У меня в руках — длинная нить. Я тяну за собой чудесного зверя: зелено-голубой шар. Было восьмое марта и всем дарили таких. Моего зовут Бутс. Он может сделать стойку и прыгнуть на кого угодно — стоит резко дернуть за нитку. На нем кошачья мордочка, а так он собака.

Я веду своего Бутса, старательно обходя углы, шарахаясь от деревьев, далеко обегая кусты и фонарные столбики.

Я думаю о тех днях, когда мы с ним состаримся и как, умирая, сожму в руке черную ниточку, а люди скажут: "Это был ее любимый шарик!" Вообще я никогда не умру.

Навстречу идет Сашка, без пальто и расстегнув рубашку. Грудь синяя, а сам смеется:

— Давай твой шарик хлопнем?

— Ты что?! Я с ним до смерти не расстанусь!

— Еще до завтра сдуется.

— Неправда!

— Уже сдувается. Послушай сама.

— Сам дурак!

Отступив на несколько шагов, прикладываю шарик дырочкой к уху. Как из космоса, до меня доносится тонкий свист; ухо холодеет от струйки воздуха.

Дома кладу его на свою кровать и стараюсь даже мимо не ходить. Но к вечеру с тоской замечаю: он похудел! Он слабеет даже на ощупь: если прижаться пальцем к тонкому боку — останется ямка.

Я бегу к телефону.

— Ирка, как мне спасти мой шарик?

Она понимает с полуслова.

— Знаешь, я свой сдула и спрятала в ящик. Захочу — надую снова.

Ирка, молодец! Я бегу сдувать шарик. Надкусываю твердую нитку, он обреченно ахает, на глазах превращаясь в мертвую тряпочку. Теперь его только в ящик! Только что был живой, настоящий, и вот я сама, своими руками... И потом, я же не умею надувать шарики! Не бегать же каждый раз к Ирке! А если носить в школу, он наверняка лопнет.

Я снова бегу к телефону. "А ты надуй его водой, — советует Ирка, — это легче, дуть вовсе не надо, подтянешь горловину к крану, перевяжешь ниткой и пустишь воду."

Шар медленно раздувается, тяжелея. И вот он лежит в тазу, переваливаясь с боку на бок, как огромная медуза, холодный и склизкий. Теперь не попрыгаешь на поводке. Мокрая нитка свисает, как крысий хвост.

Что теперь с ним делать?

Но ведь есть еще водяные бомбы! Я сама читала, если сбросить со второго этажа — наверняка разорвется.

А у нас шестой.

Человек едва успел отскочить. Его окатило с ног до головы. Застываю с тазиком у окна и смеюсь, смеюсь... Никак не могу остановиться.
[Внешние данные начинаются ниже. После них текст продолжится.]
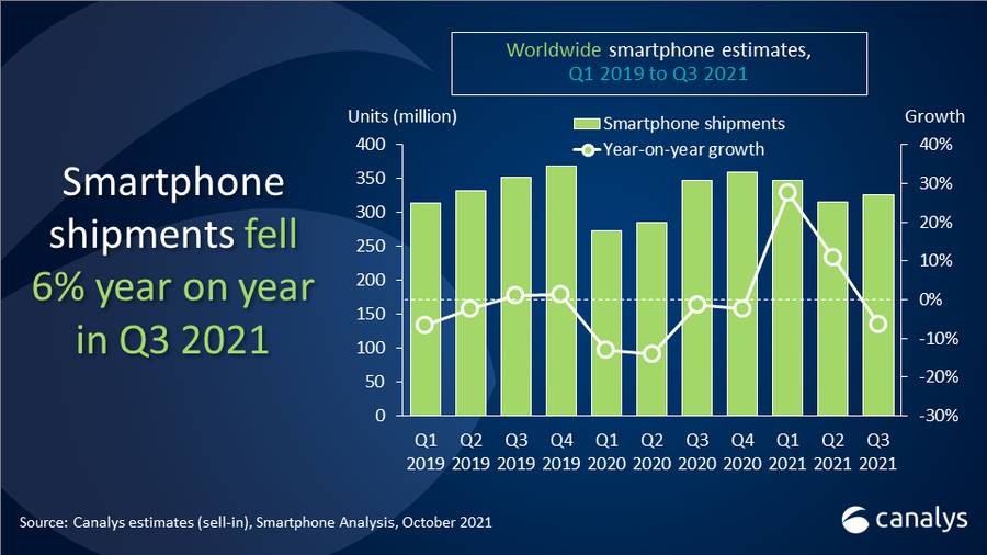 ปัญหาการขาดแคลนชิปเซ็ตทั่วโลก ทำให้ยอดจัดส่งสมาร์ทโฟนลดลง 6% ในไตรมาสที่ 3 ปี 2021 โดย Samsung ยังคงครองอันดับ 1 ในตลาด ตามมาด้วย Apple ในอันดับที่ 2 และ Xiaomi ในอันดับที่ 3

Я же чуть его не убила!

Человек уже поднимается в лифте, гремят по лестнице сапоги, дверь трясется и рвется с петель. Выскакивает мама, объясняется с ним через цепочку. Бог мой, ведь я нечаянно! Неужели он и вправду может убить? Нет, мама просто его не пустит.

Я тихонько иду к себе, заранее принимаюсь плакать. И потом, у меня нет больше шарика! И собаки тоже, наверное, никогда не будет! А я бы звала ее Бутсом... С чем теперь умирать?! Хотя я вообще не умру. Хоть бы телефон ко мне провели!

Назавтра я рассказываю все Ирке. Она, конечно, подарила не свой шарик и даже надула его перед уходом, но он почему-то сразу лопнул.

 


 

 

ТРЯПИЧНАЯ ДУША

Когда солнечный свет, настойчиво изгибаясь, проникает сквозь преграды мебели вглубь, он натыкается на занавес, бархатисто-черный, складчатый и тяжелый, ниспадающий почти с потолка.

Пол кажется хрупким, когда его только что натерли, он словно обладает слабым свечением, оно высится над полом ровным полукружьем, наподобие нимба.

В комнату не хочется заходить, на пол не хочется наступать, нимб не следует разрушать, где же тогда жить?

Она живет в кухне, в сомнительном окружении палок и щеток, стиральных и чистильных порошков и хозяйственного мыла. Довольно обширный угол занимают тряпки. С ними много связано, у них собственный быт и самостоятельная иерархия. Темно-зеленый лоскут от шерстяного одеяла при сближеньи с обрывками алых плавок начинает кричать. Бывшему оранжевому берету полагается быть под низом. Вообще у тряпок трудно навести порядок, ни разу у нее не хватило мужества разобраться с ними до конца.

Бисерные и другие феньки при хранении в замкнутом пространстве тускнеют. В стену поэтому вбит основательный крюк. К вечеру каждого дня феньки со всего дома неизменно собираются на него. По утрам они встречают ее веселым покачиваньем и тонким звоном.

 А самыми несносными из всех являются тапочки. Они стайками носятся по квартире и спариваются как им угодно, вне всякого селекционного плана.

 По утрам принято ждать чего-либо. Она спускается за почтой, включает радио и пристраивается где-нибудь поблизости телефона.

 Около двенадцати телефон съеживается в отведенной ему нише под окном, радио выключается, и она тихонько облегченно вздыхает.

Покончив с повседневным, она приступает к чему-нибудь исключительному, призванному обессмертить день.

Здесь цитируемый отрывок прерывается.